On a second study (unpublished), we attempted to verify whether the laccase enzyme would have any influence over the lignin degradation of cell wall from wheat straw by acting on its own. An essay was designed with the duration of 4 days, during which 32 incubation media were tested. They were divided according to enzyme concentration and temperature. Two temperature groups were formed, one whose incubation temperature was 25ºC and another whose temperature was 40ºC. Four distinct groups were formed with concentrations of 1, 2, 3, and 4 U of enzyme/g of straw.
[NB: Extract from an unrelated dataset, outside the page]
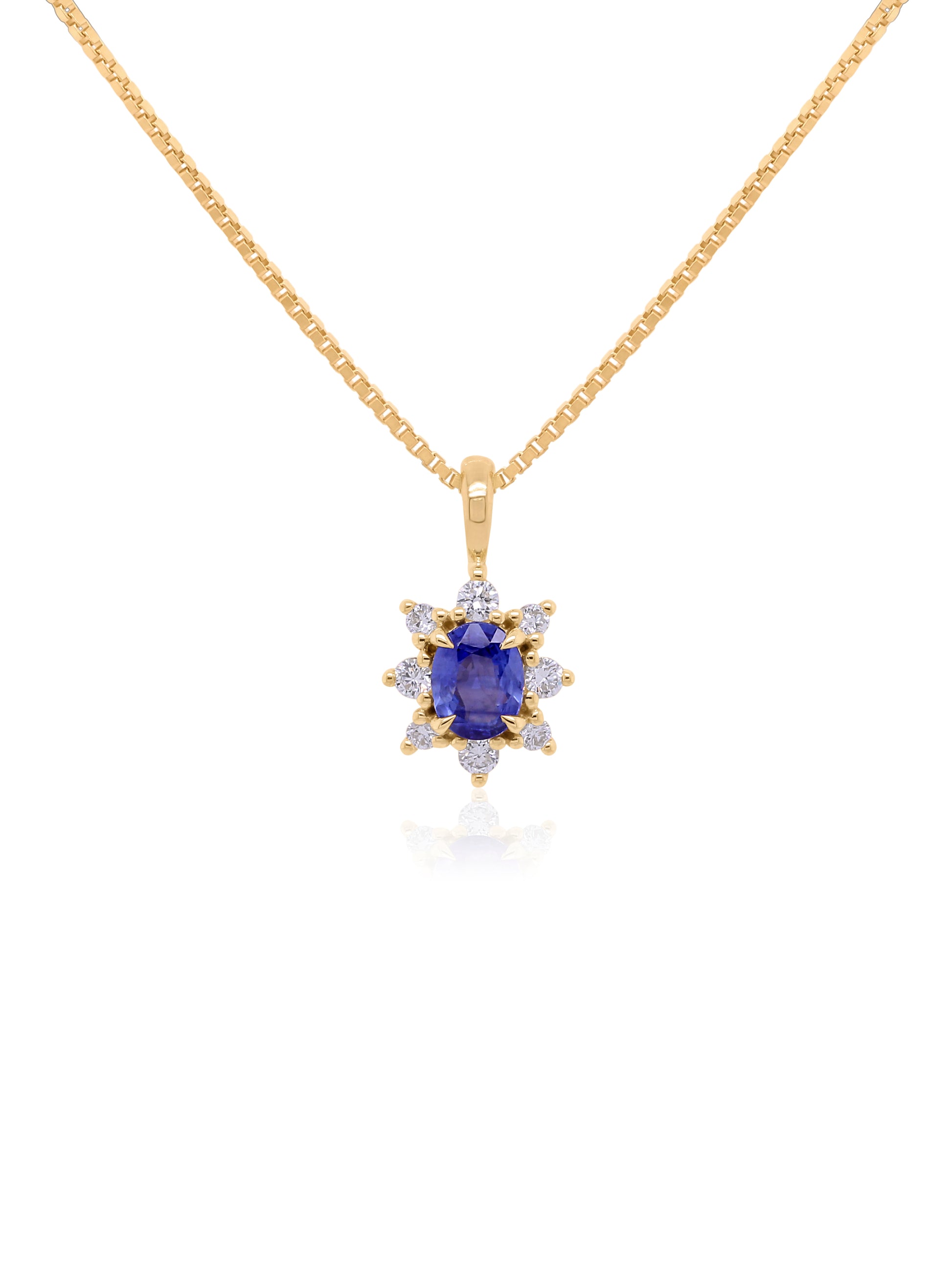 Design: Cluster pendant with sapphire at the center, surrounded by diamonds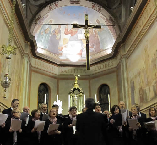 Nella prima parte del concerto il coro parrocchiale di Montevecchia e l'Ensemble Vocale "Ricercar Cantando", entrambi diretti da Marco Moiraghi, hanno presentato una selezione di musiche polifoniche dal ‘500 al ‘900, con particolare attenzione ai canti mariani;Il maestro Marco Moiraghi

The results shown in Table 2 do not seem to support the lignin degradation by laccase as initially hypothesized. In fact, it was not possible to find changes in the total amount of lignin in cell wall of straw samples treated with laccase. On the other hand, the digestibility of OM and NDF suggested a negative effect of laccase on digestibility. Such effect may be explained by structural changes in the lignin molecule as a result of the enzyme action, enabling an increase in the structural complexity of the cell wall. These data, when compared to results obtained in the incubation of wheat straws with basidiomycetes fungi, seem to indicate the need for complex mechanisms of enzymatic action and with a high degree of synergy.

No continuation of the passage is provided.